After a few hacker attacks, THORChain modified its immune system. In the future, the nodes will have more opportunities to pull the emergency brake in the event of suspicious activities and to protect the network from fraudulent processes. The ace up your sleeve: attacks should be less worthwhile than honest bug bounty work. Meanwhile, it flushes the RUNE course further up after its dive.
The last few weeks have been exciting for the THORChain developers. In July, two hacks revealed significant security flaws in the cross-chain liquidity protocol, which not only affected the price of the native crypto currency RUNE and enriched some hackers, but also scratched the trust of investors in THORChain. The thriller about the “self-service store” THORChain seems to have been told.
You cannot prevent cybercrime, but you can at least adjust the adjusting screws so that the attack vectors are reduced. Accordingly, THORChain has reacted to the hacks of the past time and has now announced a “series of changes” that are intended to make the protocol “less sensitive to attacks” and to enable nodes to “react more quickly” in suspected cases. In return, nodes are given more authority, while the network status is checked more frequently “and the funds that leave the system are throttled”. The changes are ultimately intended to “make any attacker consider an attack on THORChain not even worth trying”. Instead, they should “just apply for a bounty and get paid”.
THORChain creates a safety net
With an automatic credit check, Nodes will in future counter-check wallet stocks and report “negative deviations between the on-chain account balance and what THORChain thinks”. Incoming transfers are totaled and then deducted from the total amount of outgoing transactions. The nodes communicate noticeable deviations to the network. With a two-thirds majority, all deposits and withdrawals are automatically stopped. The scan takes place automatically every one to two minutes.
In addition, there is also a “proactive mode” in which nodes carry out the credit checks. This mode is “more powerful and is intended to catch bankruptcies before they occur”. If a node tries to sign an outgoing transaction (txOut), it first calculates “whether the vault will become insolvent by executing the txOut”. If so, he denies authorization and “files for bankruptcy”.
With the “granular network pause control”, individual actions on a network can also be frozen in the future without bringing block production to a standstill. This allows swaps to be paused and withdrawals to be suspended. As a last resort to halt the network, nodes can also initiate a “timeout” that halts the network for 720 blocks, about an hour. However, this joker should not be used often and should only be drawn when there is a major threat.
Honesty pays off
Another method is the throttling of outgoing transactions, the processing of which can be delayed depending on the volume. The larger the amount of money processed in the blocks, the longer the confirmation takes.

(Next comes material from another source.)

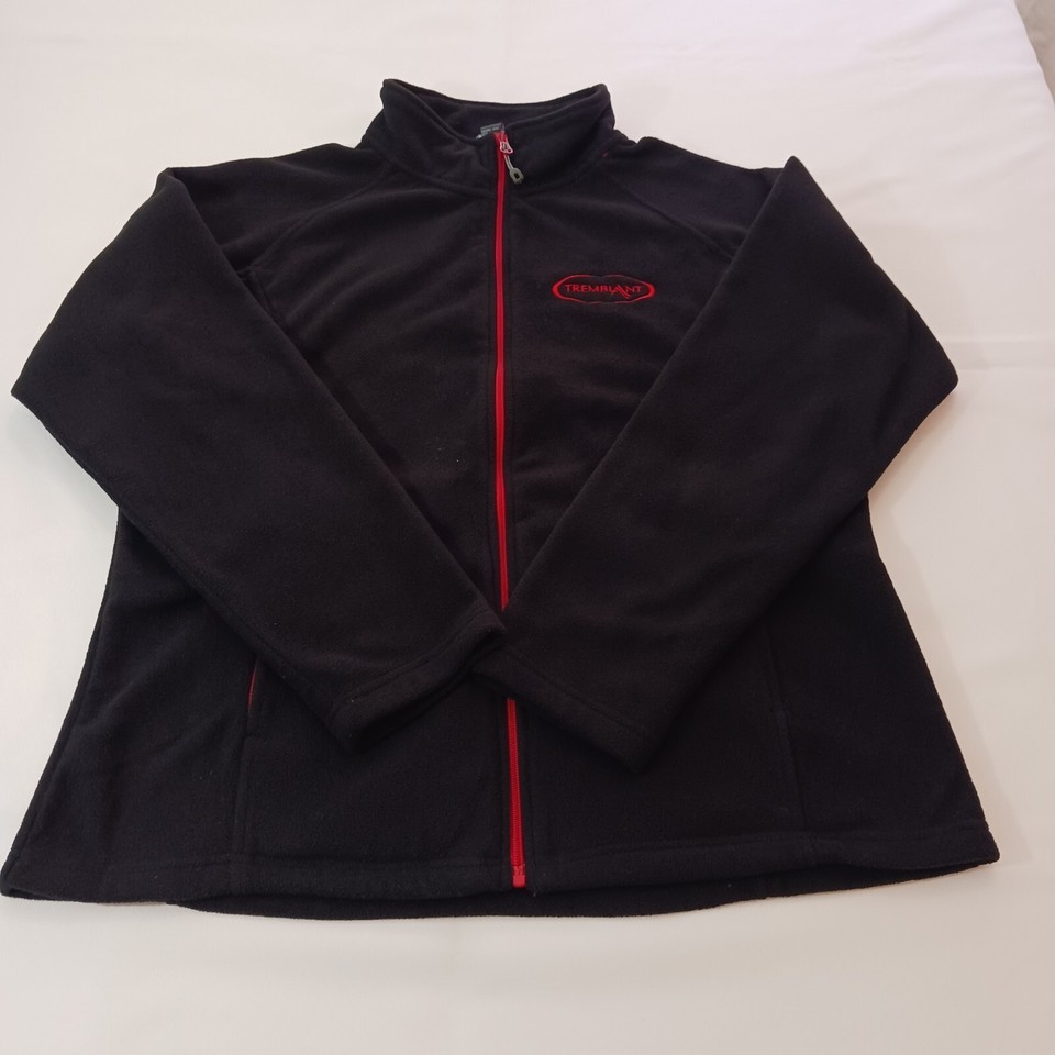 This Landway Outerwear TREMBLANT Men's Black Full Zip Pockets Jacket in size XL is a versatile and practical piece for travel or casual wear. Made of polyester fleece material, this jacket features a full zip closure, making it easy to put on and take off. It has a classic solid black color with embroidered logo accents, adding a stylish touch to the design. With multiple pockets for storage and a comfortable fit, this fleece jacket is perfect for the winter, fall, and spring seasons, providing warmth and functionality for outdoor activities like walking.

While this does not prevent single-handed attacks, it does give the nodes valuable time to react to suspicious incidents:
Had this function (plus node timeouts) been present during the last attacks, the attacker could have been held up for a full 60 minutes, and the nodes could have taken a break and saved the money. Even if the attacker had broken up into much smaller transactions, he could have captured a maximum of 100,000 to 200,000 US dollars in the first few minutes. This amount is now less than the bounty they could have won, so they may have thought about simply reporting the bug.
And finally, if all else fails, bots take care of searching for and reporting “abnormal activity”. THORChain has developed a whole arsenal of mechanisms to impregnate the network. How reliable these are remains to be seen. However, the developers seem to have learned their lessons from the “collateral damage” and adapted the node powers to the threats.
THORChain brings the “best armor” out of the closet
However, the increased security has its price. The changes could slow down THORChain a bit in the near future and “have a temporary negative impact on the user experience”. The protocol will probably have to pause more often, and the processing of swaps could also take more time in individual cases than before. As soon as the network is stable, the measures can be “scaled back” over time and the user-friendliness improved again. Until then, the developers are combative: “It is currently a battlefield, and THORChain brings its best armor until the battle is won”.
The RUNE course has not been defeated by the latest incidents without a fight. Since the price crash two weeks ago, RUNE has more than doubled. With currently 6.80 US dollars, there is a hefty plus of 74 percent on the weekly counter.